Inequalities In Triangles

Big Picture

Just as triangles can be congruent or equal they can also be written in inequalities as unequal. Inequalities in triangles are determined by their angle measurements and/or their side lengths.

Comparing Angles and Sides

The converse also works: If one angle of a triangle has greater measure than a second angle, then the side opposite the first angle is longer than the side opposite the second angle.

• The largest angle is opposite the longest side, and the smallest angle is opposite the shortest side.
• If  \(m \angle B > m \angle A > m \angle C\), then \(AC > BC > AB\).

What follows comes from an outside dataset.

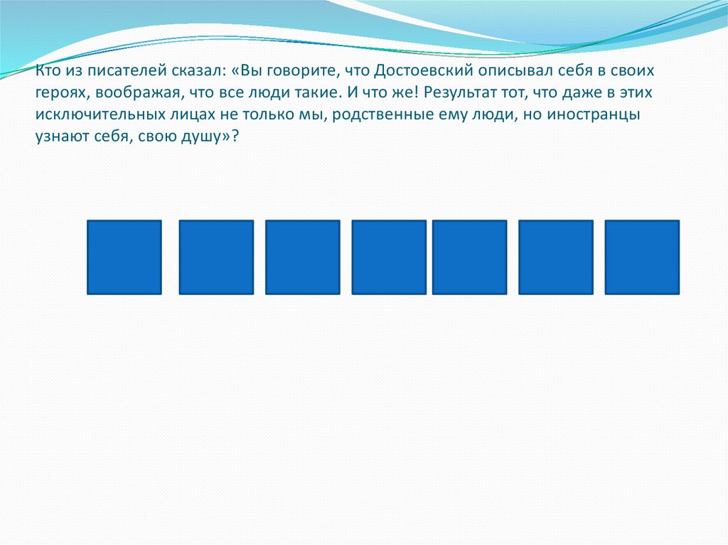 Кто из писателей сказал: «Вы говорите, что Достоевский описывал себя в своихгероях, воображая, что все люди такие. И что же! Результат тот, что даже в этих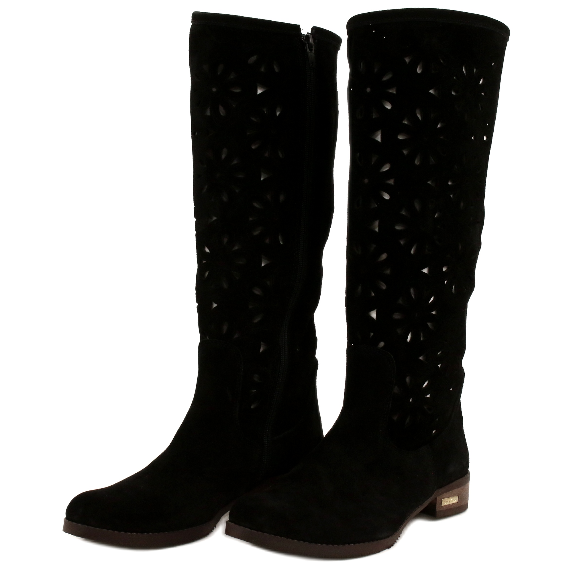 - Kombinacija prirodnog nubuka s otvorenim uzorkom daje elegantan i lagan učinak - čizme izgledaju učinkovite i za haljine i za hlače.

Triangle Inequality Theorem

You cannot use any three lengths to make a triangle! The blue arc marks in the figure below show that 4, 5, and 10 cannot make up the lengths of a triangle because the two sides would never meet to form a triangle.

Triangle Inequality Theorem: The sum of the lengths of two sides of a triangle must be greater than the length of the third side.

If given two sides of lengths a and b, then the third side has a length c in the range a - b < c < a + b.

Hinge Theorem

The Hinge Theorem is an extension of the Triangle Inequality Theorem.

Hinge Theorem (also called Side-Angle-Side Inequality Theorem): If two sides of two triangles are congruent and the included angle of the first triangle is larger than the included angle of the second triangle, then the third side of the first triangle is longer than the third side of the second triangle.

Converse of the Hinge Theorem: If two sides of two triangles are congruent and the third side of the first triangle is larger than the third side of the second triangle, then the included angle of the first triangle is larger than the included angle of the second triangle.

• \(AC > DF\), so \(m \angle B > m \angle E\)